His approach in web-amp was just to limit each serialized argument to 8kb. The objection that this might not be enough is countered by the fact that if you're sending more data than that, you should mark it explicitly (by creating a publish/subscribe model), because there's a good chance that the data is being used on the wrong side of the wire. The attacker is allowed to do whatever evil they can accomplish in 8kb, maybe that means a 2k-deep nested series of lists, but whatever it is won't be too big. I feel that at some point you have to enforce a limit.. in web-amp, you must limit the total number of arguments they can send you, or the number of method calls per second, or something.

The non-DoS-related semantic typechecking (I'm expecting an int, is it really an int?) is just as easily done with assert()s inside the method body. I want this kind of checking to happen as close to the top of the method as possible.. doing it in a RemoteInterface in some separate file feels wrong to me. One approach is a func.guard method attribute (whose constructor takes arguments much like the RemoteInterface methods do), which could be pulled up to the top of the method body with a decorator. The big difference in thought here is the idea of providing objects (which happen to implement a certain set of methods) versus providing methods (which happen to be bound to a particular object).

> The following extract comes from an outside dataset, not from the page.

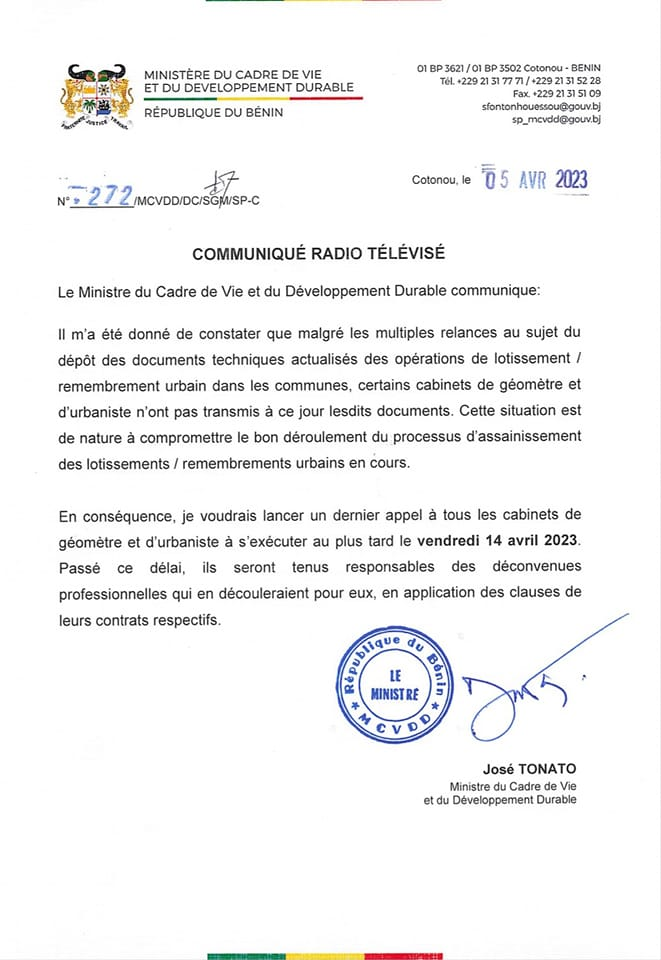 Communiqué du Ministre du Cadre de vie et du Développement Durable relatif à la relance au sujet du dépôt des documents techniques actualisés, par les cabinets de géomètre et d’urbaniste dans le cadre des opérations de lotissement / remembrement urbain des communes.

A lot of the typechecking concerns are eased with finer-grained capabilities. Ideally, the worst they can do by sending you a weird object type is to cause an exception. As long as you haven't registered an Unslicer that gives the resulting object some ambient authority, you aren't going give them any new privileges by invoking a method on something they can give you. Tyler says you only do typechecking when you're considering granting them some new privileges. The notion is that it's the bound-method capability that is the basis of power, not what they do with it or what they send to it.

The constraints are useful for method documentation, especially if they can be serialized and passed to an object browser, but can only document the list of methods and the names/types of their arguments. The actual API description still needs to be in epydoc, which can provide (non-machine-parseable) argument name/type docs too.

positional parameters for interoperability with java:

java doesn't have keyword args. To provide interoperability, the python-newpb method call serializer needs to send args in strict order, the java newpb receiver would ignore the argument names (only using the values). In the other direction, the java method call serializer would send None for the argument names, and the python receiver would use the local RemoteInterface to turn the argument list into a kwargs dict.

Finally, I need to study the XML schemas in the web-calculus more closely. In it, the bound method closure URL can be used for two purposes: a GET returns the method schema (a description of what types the positional parameters will accept), while a POST will invoke the closure. However, the object which provided that URL has a class, and the method clause had a name, and the method schema is always the same for any given (class, methodname) pair, so even a fully send-time-checking implementation doesn't have to retrieve any method schema more than once. I had first thought that there was some reduncancy in the XML data being returned, but Tyler's put a lot of thought and time into it to minimize the round-trips and avoid redundancy. newpb would be well-served by studying his approach carefully.